Fifteen Hundred Years of the Undead

When was it that you heard your first ghost story? I can’t seem to remember mine. Even when I was in the kindergarten, tales of these translucent white figures that could pass through walls, possess living adults and children and haunted decrepit mansions were everywhere – on the television, in print, most unforgettably, on the lips of my little friends.

Although the spooky narratives that we are familiar with today developed only during the late nineteenth century, humankind has always been obsessed with the special species of beings that strangely hang suspended between life and death. They have visited and frightened us in various forms, for various purposes. They have come to wreak revenge, to warn of impending disasters, they have annoyed us for the sake of malicious pleasure. In all of this, they have given us an assurance that there is an existence beyond the tomb.

The Penguin Book of the Undead: Fifteen Hundred Years of Supernatural Encounters edited by Scott G. Bruce (2016, Penguin Classics)

In the recently released (and very deliciously packaged!) Penguin Book of the Undead: Fifteen Hundred Years of Supernatural Encounters, Professor Scott G. Bruce of the University of Colorado Boulder (medievalimagination.com, @xuthalofthedusk) – an historian of religion and culture in the early and central Middle Ages (ca. 400-1200 CE) – has collected accounts of ghostly visitations from a wide range of sources, including Greco-Roman texts, the Hebrew scriptures, Scandinavian myths and Shakespearean plays. The compendium “teems with roving hordes of dead warriors, corpses trailed by packs of barking dogs, moaning phantoms haunting deserted ruins, evil spirits emerging from burning carcasses in the form of crows, and zombies with pestilential breath”. Edited by a most capable anthologist (why, Professor Bruce worked his way through college as a grave digger), this is a full-blown macabre menagerie that cannot be missed.

I cannot seem to find a proper portrait of Aelfric of Eynsham so here is a scene from an illustrated manuscript (“Tower of Babel”) from the British Library on which he is supposed to have worked. Interestingly, he is on Twitter too by the handle of @Aelfricus (though the account is inactive now!) He is described as “monk, mass-priest, bestselling author, loather of the sinful, wannabe-saint”.

The book begins with the big question – where and how did the word “undead” emerge? The word undead, explains the editor:

first appeared in the tenth century, when a Christian preacher Aelfric of Eynsham (c.955-c. 1010) employed its Old English ancestor – the adjective undeadlic – to describe the immortality, the undyingness, of God. The term has undergone an ironic reversal in modern English, where it now denotes dead people who have been reanimated by a supernatural force. This change reflects the intense interest in tales of the living dead that have become ubiquitous in modern societies.

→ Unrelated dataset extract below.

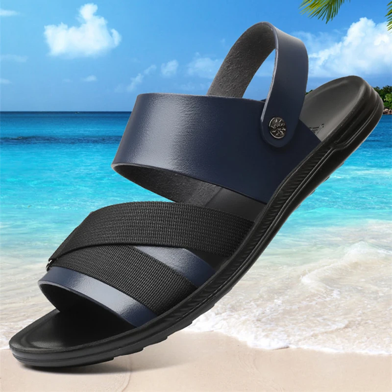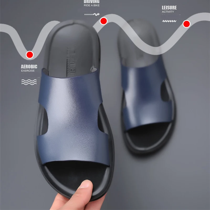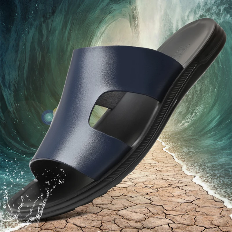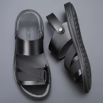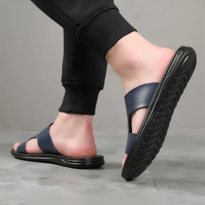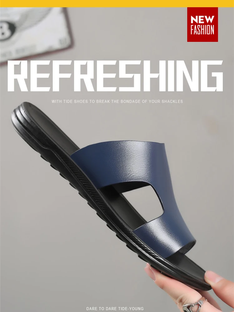 Oulylan 2024 Men's Summer Leisure Beach Sandals Outdoor Slide Walking Comfortable Lightweight Leather Fashion Design

The portrayal of spirits in the West was greatly influenced by the Catholic doctrine of “Purgatory” [formulated at the Councils of Florence (1431–49) and Trent (1545–63)] – intermediate state between physical death and paradise in which those who die in God’s grace and friendship but are still imperfectly purified, are indeed assured of their eternal salvation. They undergo purification, so as to achieve the holiness necessary to enter the joy of heaven (see point 1030 in the Catechism). The ghost of Hamlet’s father is a famous example of a soul caught in purgatory. Within the broad span of Western literature, though, the ambivalent relationship between the living and returning dead goes back to ancient times. During the Trojan War and the height of Roman power, writes the author, spirits of the recently deceased often came back pleading for proper burial. Professional necromancers animated corpses, forcing them to divulge important information.

Read an excerpt from a letter that the Roman provincial governor Pliny the Younger (c. 61-113) wrote to his friend Lucius Licinius Sura, contemplating the existence of ghosts:

Now consider whether the following story, which I tell you just as it was told to me, is not just as remarkable and even more terrifying. In Athens there was a large and spacious mansion with the bad reputation of being dangerous to its occupants.

 

“In Athens there was a large and spacious mansion with the bad reputation of being dangerous to its occupants…” [Painting is Reconstruction of the Acropolis and Areus Pagus in Athens (1846) by Leo von Klenze, Wikipedia]

 

In the dead of night the clanking of iron and, if you listened carefully, the rattle of chains could be heard, some way off at first, and then close at hand. Then there appeared the specter of an old man, emaciated and filthy, with a long flowing beard and hair on end, wearing fetters on his legs and shaking the chains on his wrists. The wretched occupants would spend fearful nights awake in terror; lack of sleep led to illness and then death as their dread increased, for even during the day, when the apparition had vanished, the memory of it was in their mind’s eye, so that their terror remained after the cause of it had gone. The house was therefore deserted, condemned to stand empty and wholly abandoned to the specter; but it was advertised as being for rent or for sale in case someone was found who knew nothing of its evil reputation.